In 2017, the regime intensified its campaign against activists. In April 2017, Najah resorted to social media outlets to post against the Formula One, in order to raise awareness of the government's repressive measures.

A week after the Grand Prix, I was summoned to Muharraq security complex for investigation: "The interrogator was there with others threating me with rape. He brought someone working in the reception and threatened me saying this person will assault you in front of all of us."

Najah says that she signed a confession without reading it. She was then transferred to the women's prison. Each week she was allowed to use the phone for 30 minutes. She called a Bahraini activist in London and told him that she was raped in the security complex.

A F1 spokesman told the BBC: "At all times throughout this case, we have been engaged with relevant parties and have made proactive inquiries about Ms. Yousif's situation...with the Bahraini authorities directly."

Najah is not the only case to face this alleged dangerous abuse, as Ibtisam Al-Saegh faced the same fate in Muharraq security complex.

She told the BBC Arabic about what happened to her. "Someone held my hands from behind my back. He started touching me while I was clothed. I said stop. You are assaulting me sexually and it is illegal."

"He asked me to reveal the names of the human rights activists. He said he could do whatever he wanted. He took my pants down and started assaulting me with his finger and telling the guy behind me to assault me from the back. I fainted and collapsed to the ground."

Ibtisam was sentenced to 3 months in prison over terrorism-related charges. However, she denies these charges.

It's been two years since the alleged abuses Ibtisam suffered. Dr. Nicola Cochran, forensic examiner at SPIRASI, an Irish organization interested in survivors of torture talks about Ibtisam state: "Her psychological assessment demonstrates profound symptoms of anxiety and depression. It is supportive of a diagnosis of Post-Traumatic Stress disorder. It is consistent with the alleged report of torture."

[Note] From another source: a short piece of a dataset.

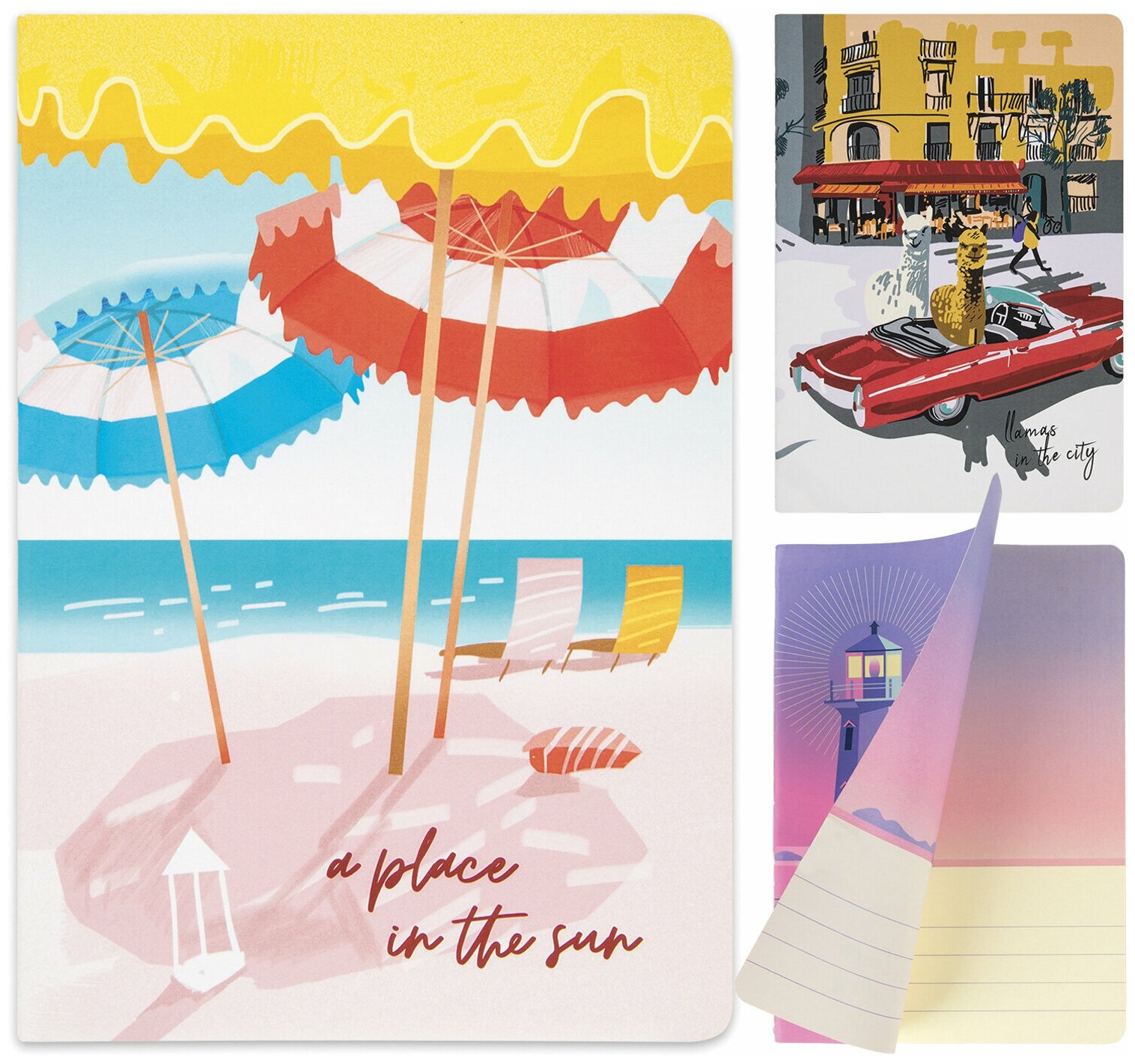 Тетради 40 л. в линию обложка SoftTouch набор 3 шт бежевая бумага 70 г/м2 сшивка А5 (147х210 мм) путешествие BRAUBERG 403799 (размер: 147x210 мм)

SPIRASI'S report doesn't prove Ibtisam's allegations but supports it.

The Bahraini government told BBC that the kingdom maintains a zero tolerance policy towards human rights violations. It neither practices nor tolerates the torture or mistreatment of prisoners. The Kingdom's independent oversight institutions had investigated the allegations made by the two women but concluded there was no evidence to support their claims.

BBC also investigated whether Britain and the US have been complicit in the regimes alleged human rights abuses by providing training and funding to Bahrain's security forces..

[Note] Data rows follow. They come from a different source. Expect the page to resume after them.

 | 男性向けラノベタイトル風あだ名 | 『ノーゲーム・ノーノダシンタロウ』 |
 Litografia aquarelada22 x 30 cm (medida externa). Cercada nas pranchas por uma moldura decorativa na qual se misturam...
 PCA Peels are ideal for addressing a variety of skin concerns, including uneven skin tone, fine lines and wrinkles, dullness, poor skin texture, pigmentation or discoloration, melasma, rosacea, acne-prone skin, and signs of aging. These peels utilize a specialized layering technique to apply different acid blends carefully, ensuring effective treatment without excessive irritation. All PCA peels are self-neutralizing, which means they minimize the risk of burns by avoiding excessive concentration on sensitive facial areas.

Being Bahrain's head of internal security, Major General Tariq Al-Hassan is ultimately in charge of the security complex in Muharraq where the alleged rape took place.

Tariq Al-Hassan told the BBC in a written statement: "No evidence was found that proved any wrongdoing had occurred...I entirely condemn all forms of mistreatment and abuse of authority."

In 2014, at British taxpayers' expense, Al-Hassan visited Northern Ireland to observe and discuss the ranger of reforms of policing.

Al-Hassan was among a delegation received by Donald Trump in November 2017, i.e. several months after the United Nations and the British Foreign and Commonwealth Office received reports on rape and sexual assault allegations.

In July 2018, at the Foreign Office's request, Durham Constabulary announced a 2-year training program for the Bahraini police to make better use of forensics in their investigations. Tariq Al-Hassan was the one who signed the contract on the Bahraini side.

Lord Scriven, a member of the House of Lords of the Liberal Democrats, has long opposed Britain's provision of training to the Bahraini security forces. "Why in the past six years has Bahrain received £6.5 million of taxpayers' money?" he asks.

The British Foreign and Commonwealth Office told the BCC that the United Kingdom is committed to supporting Bahrain's reforms, including through cooperation in bringing about progressive changes to Bahrain's judicial system and democratic systems. We believe that only by working with the government will we be able to achieve these improvements that Bahrain and the international community are seeking.